Corban Wilkin: Illustrator


Breaker’s End Kickstarter
July 17, 2013, 11:24
Filed under: breaker's end | Tags: , , , , ,


new cover lulu size

That’s right.

On Monday 22nd July, Breaker’s End goes live on Kickstarter, and then we’ve got 30 days to raise at least £5000 to fund the printing of the book for the backers.

This story of Chloe and Isaac living in their shabby forest with an old tent and a piano is one that’s come to mean a lot to me. The artwork is in brush and ink and in the tradition of artful black and white comics of Will Eisner and Craig Thompson. The completed project has come out beautifully. I can’t bear the thought of it sitting in a ring-binder for years to come and neither can you, I’m sure. So I’d like to share it with you, but I need you to get involved.

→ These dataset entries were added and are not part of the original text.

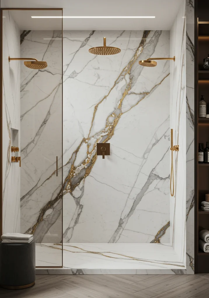 For the ultimate, jaw-dropping enhancement, use a “book-matched” set of two slabs for your main shower wall. This is where two slabs are cut and polished to be a near mirror-image of each other, creating a stunning, symmetrical pattern with the stone’s natural veining.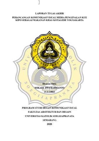 RAHMANTO, MIKAEL DWI (2026) PERANCANGAN KOMUNIKASI VISUAL MEDIA PENGENALAN KUE KIPO SEBAGAI MAKANAN KHAS KOTAGEDE YOGYAKARTA. S1 thesis, UNIVERSITAS KHATOLIK SOEGIJAPRANATA.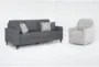 The Stark Dark Grey Fabric Sofa & Light Grey Fabric Swivel Arm Chair bring comfort and style to your living room. The contemporary design features a firm comfort level, and the pieces include a sofa and a chair. This set ensures durability with its combination of hardwood, engineered wood, foam, and fabric.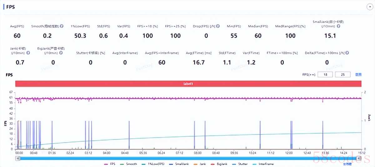 结果显示,平均游戏帧数为60fps,稳帧指数0.2,1%Low帧更是有50.3fps!《原神》在手机上从未如此的稳定,超满帧的顶级体验。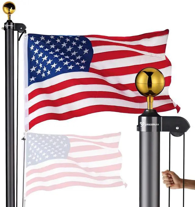 - What You Get: 1-Year Warranty for quality assurance; Unpack to use, includes flag poles, ball finial, American National Flag, carabiners, screws, screwdriver, rope and PVC sleeve for protecting the bottom of the pole against corrosion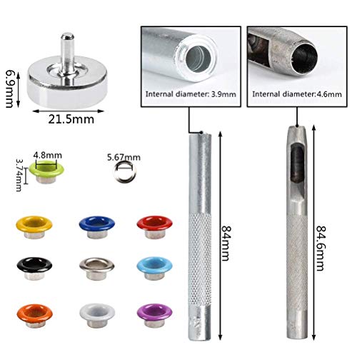 【Kit occhielli】 Un totale di 400 set di 10 colori degli occhielli con 3 pezzi di strumenti per occhielli tra cui una base, un punzone e uno strumento di installazione.

I worked on Breaker’s End over the course of two years and I really want you all to be able to read a beautifully printed copy of this story. As you’ll know from my earlier posts, the book is completely finished and about 200 pages long and 100% pretty good. All that we need now are your pre-orders so that it can be sent to print!

A printed copy will only be £10, and that includes postage. Once the project makes its funding, you’ll receive your copy within 6 weeks.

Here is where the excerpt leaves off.